Different styles of unfolding

• A definition can be unfolded eagerly during is_def_eq.

  Example: a =?= b could in principle unfold all [reducible] layers of both a and b eagerly before proceeding. This is not currently done. Use-case: id (xs ++ ys) =?= id (id (xs ++ ys)) might just always unfold all the ids before proceeding, regardless of definitional depth or any other heuristic.

• A definition can be unfolded lazily during is_def_eq.

  Example: if g := f, then f a =?= g a could detect that the depth of g is larger than the depth of f and so unfold g first before proceeding. Use-case: f1 (f2 ... (fN x)...) =?= f2 (f3 ... (fN x)) would only need to unfold f1 to confirm that the two are definitionally equal. This idiom is ubiquitous with type-class instances.

• A definition can be unfolded because a Pi type or a Sort is expected or required.

  Example: we may need to extract the universe level of a Sort in the app-builder.

• A definition can be unfolded if it matches a particular pattern.

  Example: we might have reflexivity-simplification rules for definitions that wrap recursors that only trigger if it is known which pattern in the definition matches.

• A definition can be unfolded because of a unification hint.

  Example: In f =?= g, it might be the case that neither f nor g would normally be unfolded but that the pair (f, g) triggers a unification hint that causes one or both of them to be unfolded. Use-case: we want n + 1 =?= succ n to succeed even if + would never otherwise get reduced.

• A definition can be unfolded during normalization if it is fully applied.

  Example: compose has the [unfold_full] tag, and is unfolded during normalization if it is applied to all 3 arguments (i.e. compose f g x normalizes to f (g x)). Note that the number of arguments is not well defined in general and depends on the delta/normalization strategy being used. Also note that we can simulate this behaviour easily with a single reflexivity-simplification rule.

• A definition can be unfolded during normalization if a specified argument is a constructor.

  Example: pred : nat -> nat has the [unfold 1] tag and gets unfolded during normalization if its argument is zero or succ.

• A definition can be unfolded during normalization if it is if an outer application is expecting a constructor at that position.

  Example: pair has the [constructor] tag and so gets unfolded during normalization if an application of pair occurs in the major premise of pair.rec.

• A definition can be unfolded eagerly and permanently by blast.

  Example: blast currently unfolds every [reducible] definition appearing in the context during initialization. Most blast modules that track lemmas in the environment (e.g. the simplifier) also unfold [reducible] definitions eagerly in the lemmas that they track.
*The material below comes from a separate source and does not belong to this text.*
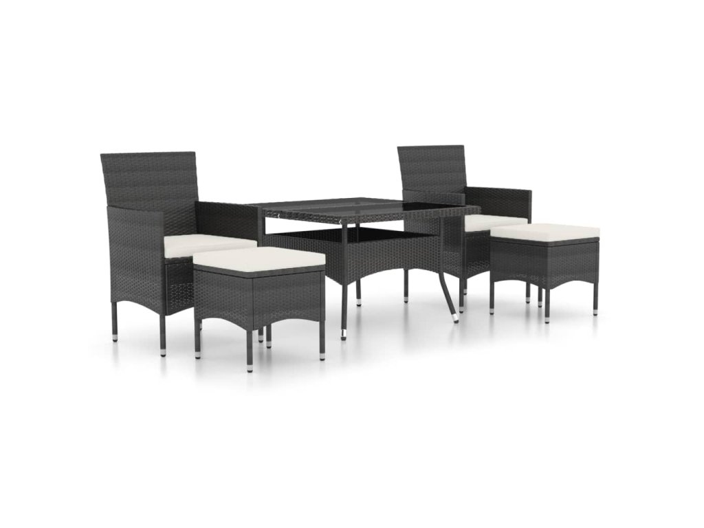 5dílný zahradní jídelní set polyratan a tvrzené sklo černý 3058348

• A definition can be unfolded "monotonically" by blast.

  Example: given H : f x and f x := g x x, blast might add the hypotheses H' : g x x := H and HH' : H = H' := rfl. We call this monotonic because we have not lost the original folded version. Note that we can use reflexivity-simplification rules monotonically as well.

Complications

• Some data structures may be indexed by constant names or head symbols, and are hence inherently not robust to delta reduction.

  Example: if f := g but f is not eagerly reduced by blast, then a [backward] lemma H with result g would not be considered for a backwards action for goal f even if is_def_eq(f, g). Note that H would not be tried even if f were monotonically unfolded so that the context contained Hfg : f = g. However, H would fire if e.g. a subst action replaced the goal with g.

is_def_eq scenarios

• Sometimes we may expect is_def_eq to fail and want to prevent a lot of wasted unfolding.

  Example: if we are doing search

• Sometimes the user may say "I am willing to suffer a long delay if it turns out I am wrong about _ =?= _ being true"

  Example: exact tactic

• Sometimes we know something is going to work, but we don't know what.

  Example: even though we know something is going to work, the assumption tactic might still not want to unfold aggressively in H1 : P (fact 100), H2 : P 0 |- P 0, or else risk wasting time computing fact 100. I think assumption should probably be conservative and the user should use exact if reductions are needed, or blast if the hypothesis in question contains system-generated names.